Everything from the line with "ex-ray welding (Argon" to the end of the data below, both lines included, should be transcribed exactly; please omit the pictures.
☆ ☆ ☆ ☆ ☆
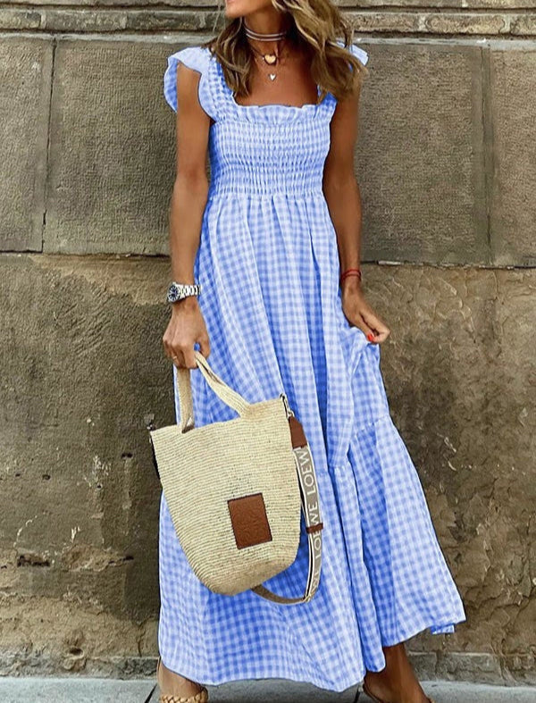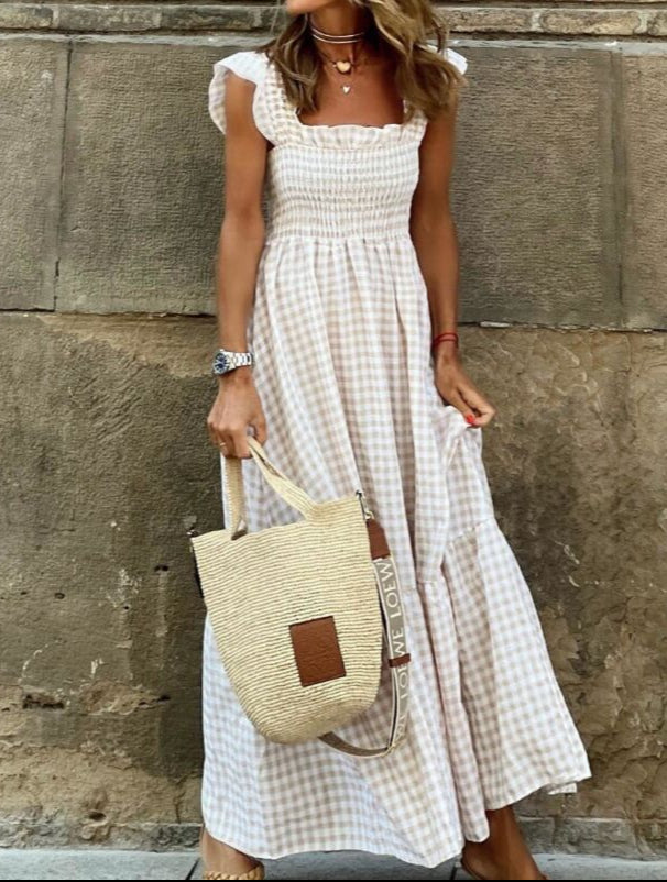 エレノア チェック マキシ ドレスで、優雅さと快適さの完璧な組み合わせを体験してください。このドレスは、スモックのボディスと流れるようなロングスカートで女性らしいシルエットを強調し、洗練された印象を与えるようにデザインされています。クラシックなチェック柄が時代を超えた雰囲気を醸し出し、カジュアルにもフォーマルにも最適です。
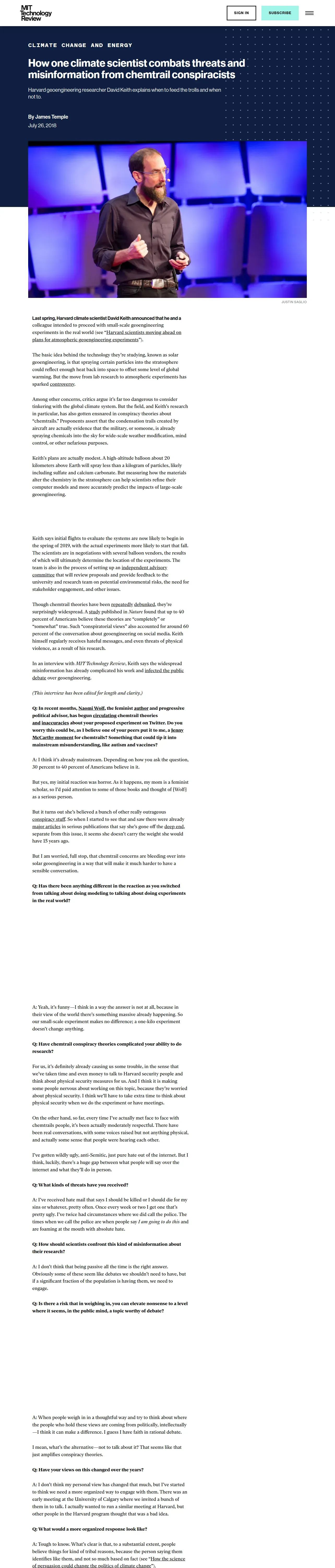 https://www.technologyreview.com:443/2018/07/26/240379/how-one-climate-scientist-combats-threats-and-misinformation-from-chemtrail-conspiracists/
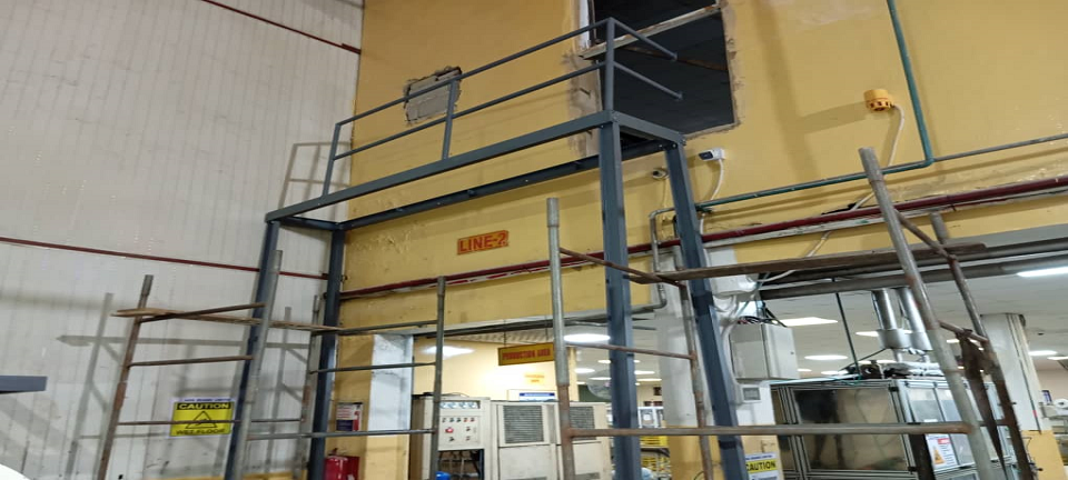 ex-ray welding (Argon and Arc welding). Fabrication of bolted and welded platform, fire hydrant installation, Installation of chillers , Air compressor , Steam boilers , elevators and all kinds of industrial machines.
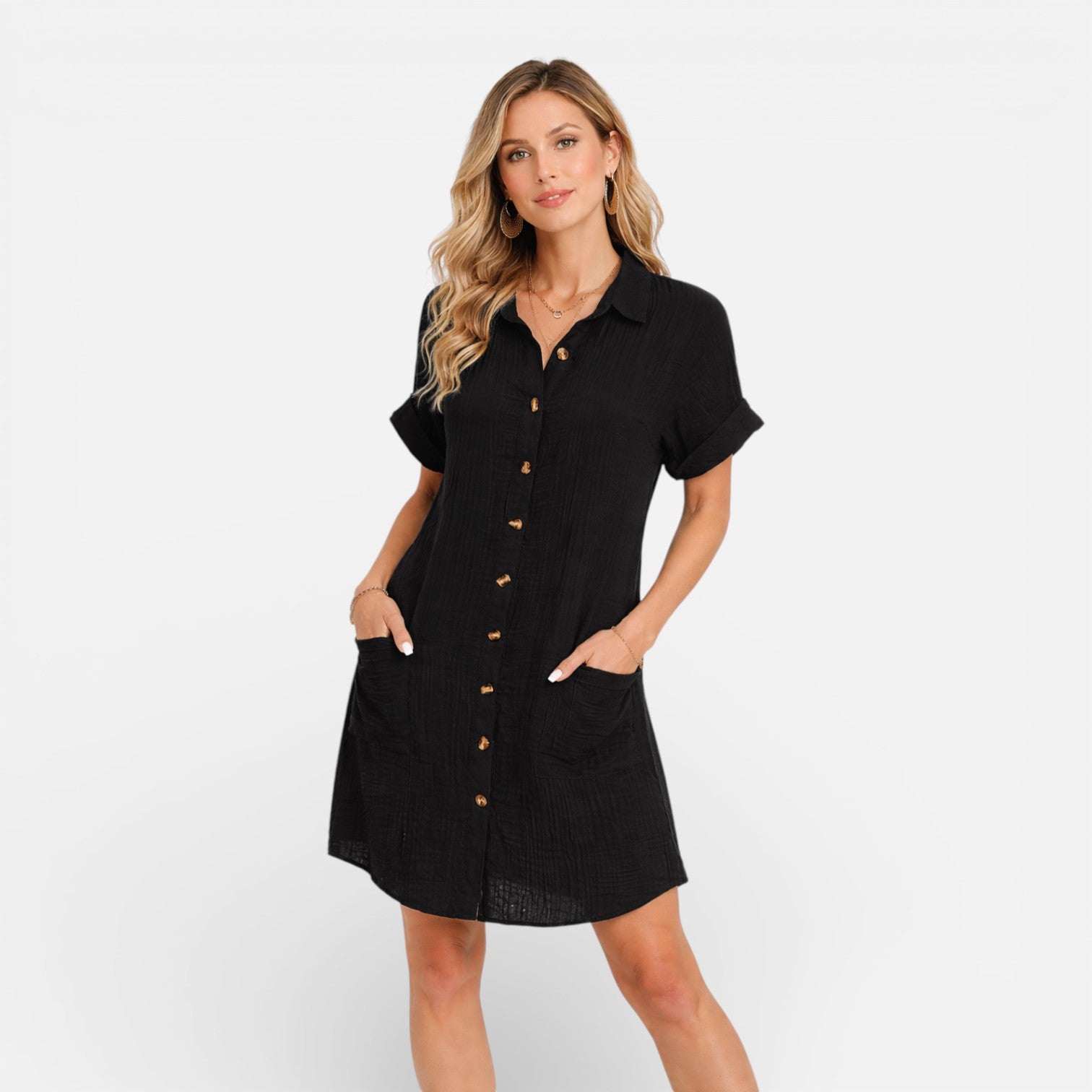 Women’s Linen Cotton Blend Shirt Dress Button Front Casual Summer Dress
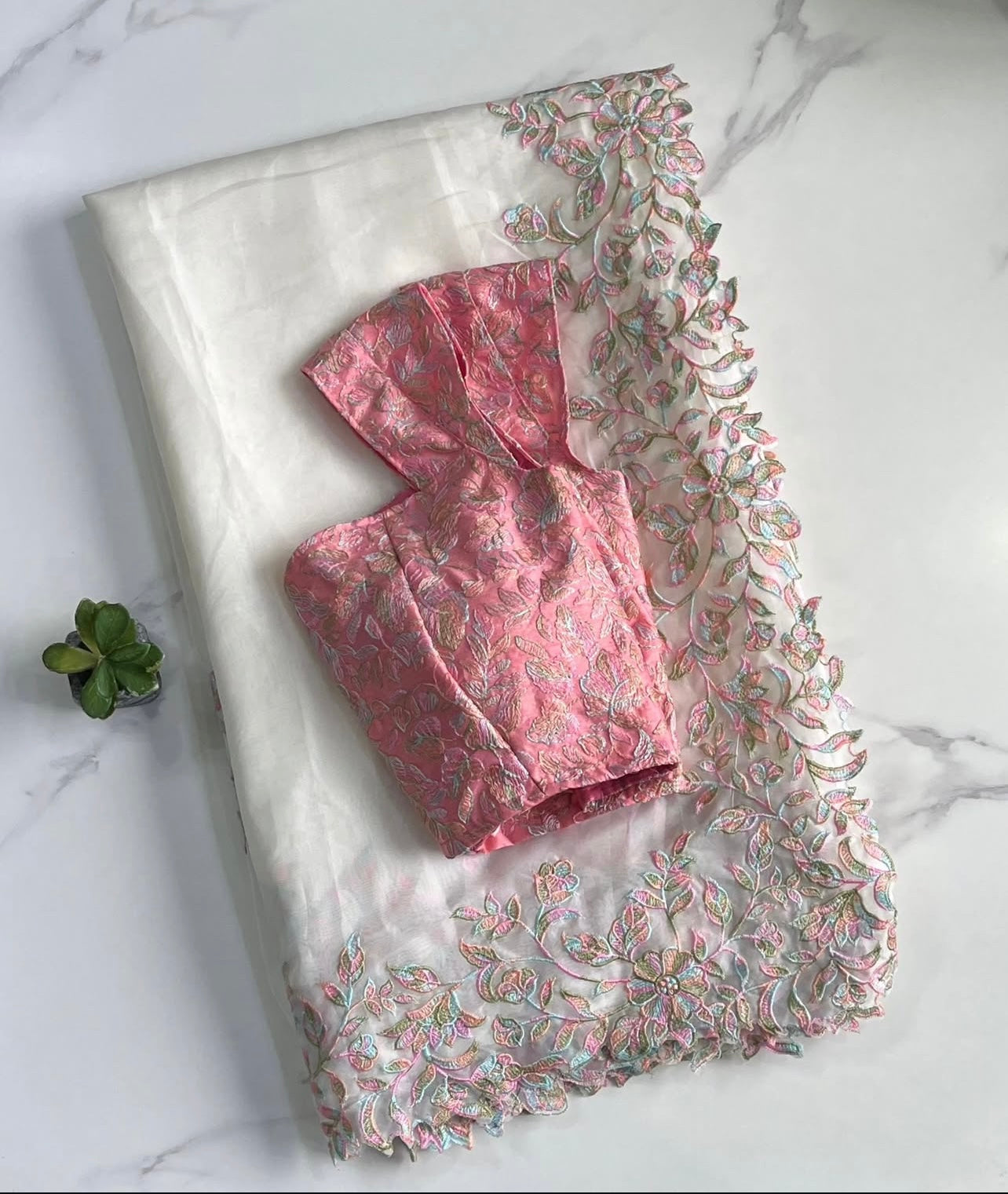 Saree details - Soft & smooth Organza Silk offwhite colour comes with multi colour embroidery thread work comes with scalloped cutwork border & pallu.
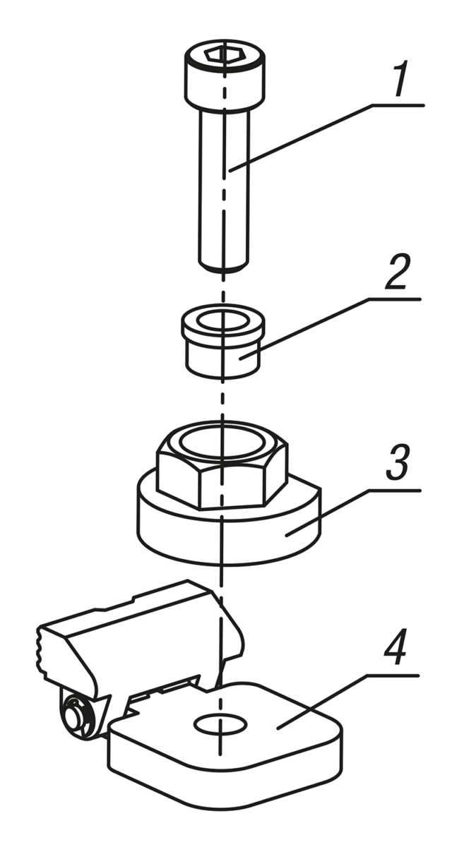 1. Introducir el tornillo de sujeción en el casquillo con collar, la excéntrica de sujeción y la unidad de sujeción y apretarlos en la placa de base.
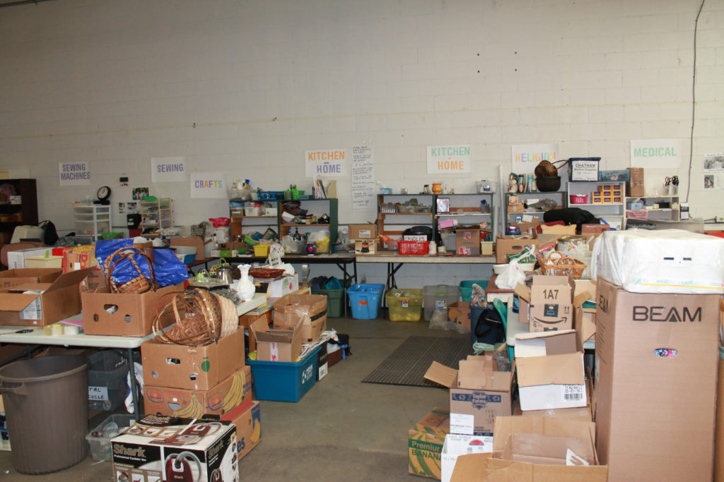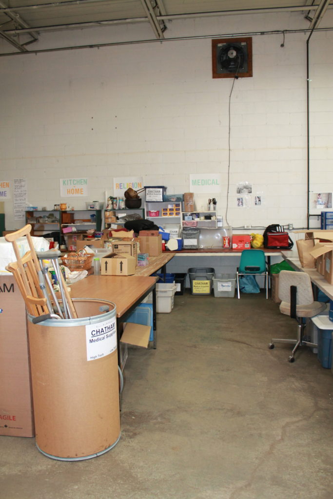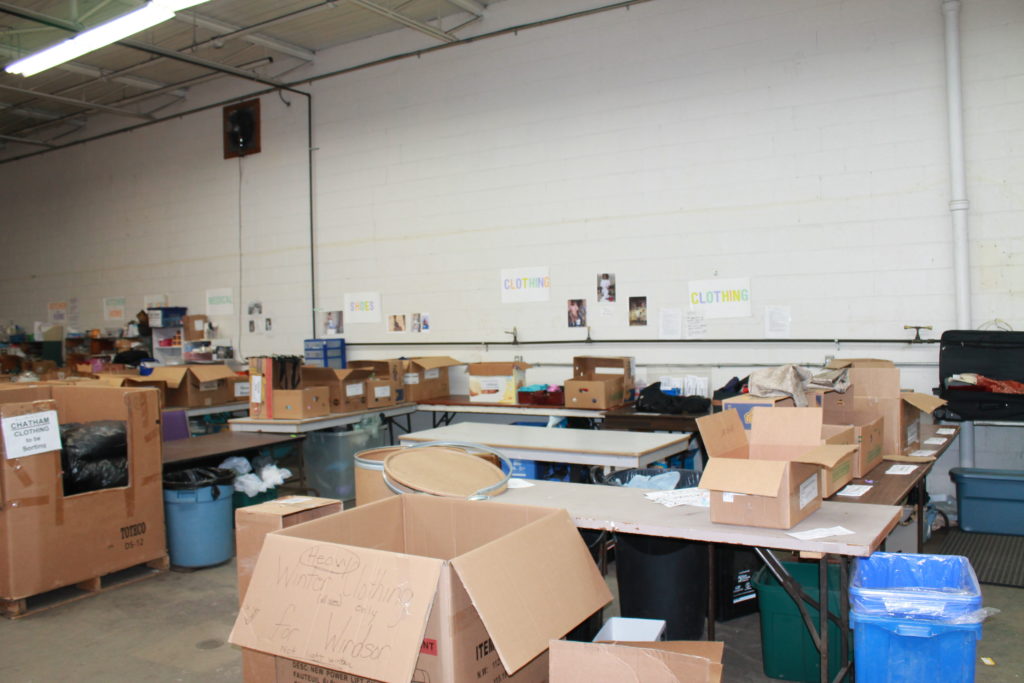 Area for sorting and packing of clothes.Area for sorting and packing kitchen supplies: pots, pans, utensils, bowls and more.Packing area for food.Sorting and packing area for school supplies.Packing area for tools, garden equipment and toys.Sorting and packing area for medical supplies: including gloves, masks, disinfectants, soap, scrub uniforms and more.
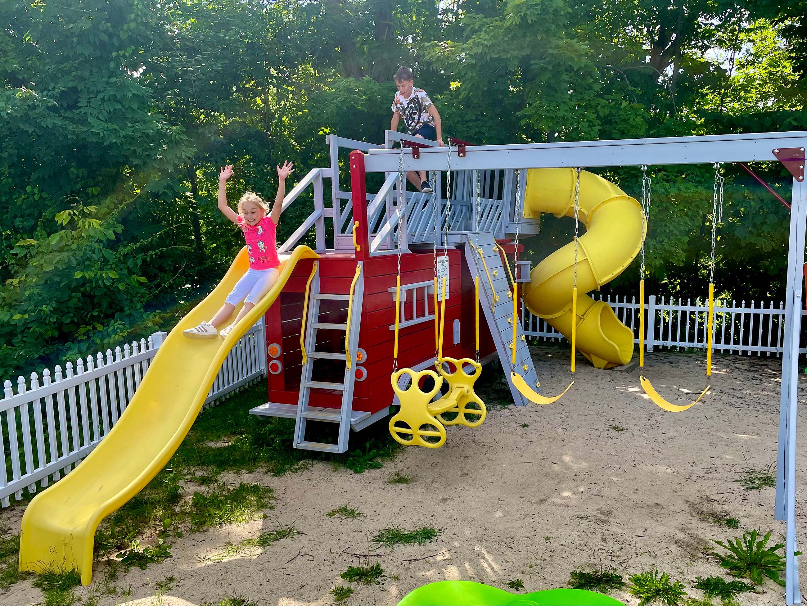 For our younger guests, we added the Fire Engine Playground that features swings, slides, and a monkey bar. It is open 6:30am to 9pm.
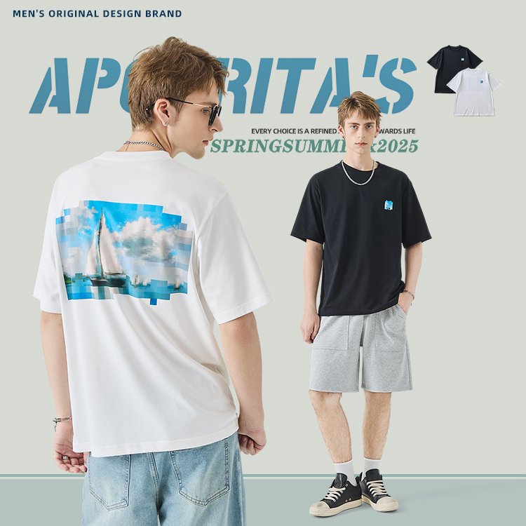 2025 New Short-Sleeved Men’s T-Shirt Trendy Brand Loose Round-neck T Shirt
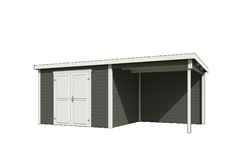 Tuinhuis Kjeld 550x250 cm Greengrey-wit noordeuropees vuren biedt een perfecte balans tussen ruimte, kwaliteit en design. Of je nu extra opslagruimte nodig hebt of een stijlvolle uitbreiding van je leefomgeving zoekt, dit tuinhuis vormt een waardevolle en duurzame toevoeging aan iedere tuin.
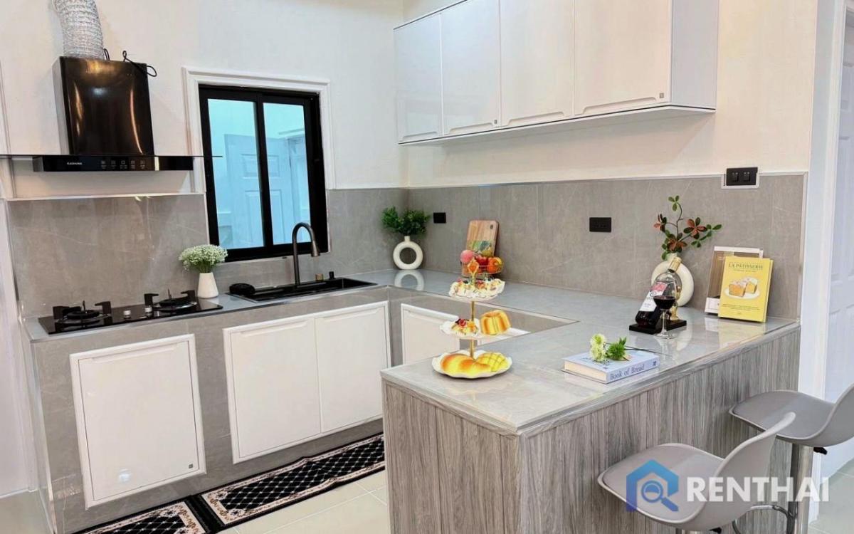 Listing code: #RT04006 Sale price: 3,990,000 baht - 3 bedrooms, 3 bathrooms - Land size 38 sq.w. - Usable area 100 sq.m. - 1 floor - Garden view - Thai quota - Fully furnished Location: Nong Prue, Pat
☆ ☆ ☆ ☆ ☆
◆ Exercise result ◆
 ex-ray welding (Argon and Arc welding). Fabrication of bolted and welded platform, fire hydrant installation, Installation of chillers , Air compressor , Steam boilers , elevators and all kinds of industrial machines.
 Women’s Linen Cotton Blend Shirt Dress Button Front Casual Summer Dress
 Saree details - Soft & smooth Organza Silk offwhite colour comes with multi colour embroidery thread work comes with scalloped cutwork border & pallu.
 1. Introducir el tornillo de sujeción en el casquillo con collar, la excéntrica de sujeción y la unidad de sujeción y apretarlos en la placa de base.
 Area for sorting and packing of clothes.Area for sorting and packing kitchen supplies: pots, pans, utensils, bowls and more.Packing area for food.Sorting and packing area for school supplies.Packing area for tools, garden equipment and toys.Sorting and packing area for medical supplies: including gloves, masks, disinfectants, soap, scrub uniforms and more.
 For our younger guests, we added the Fire Engine Playground that features swings, slides, and a monkey bar. It is open 6:30am to 9pm.
 2025 New Short-Sleeved Men’s T-Shirt Trendy Brand Loose Round-neck T Shirt
 Tuinhuis Kjeld 550x250 cm Greengrey-wit noordeuropees vuren biedt een perfecte balans tussen ruimte, kwaliteit en design. Of je nu extra opslagruimte nodig hebt of een stijlvolle uitbreiding van je leefomgeving zoekt, dit tuinhuis vormt een waardevolle en duurzame toevoeging aan iedere tuin.
 Listing code: #RT04006 Sale price: 3,990,000 baht - 3 bedrooms, 3 bathrooms - Land size 38 sq.w. - Usable area 100 sq.m. - 1 floor - Garden view - Thai quota - Fully furnished Location: Nong Prue, Pat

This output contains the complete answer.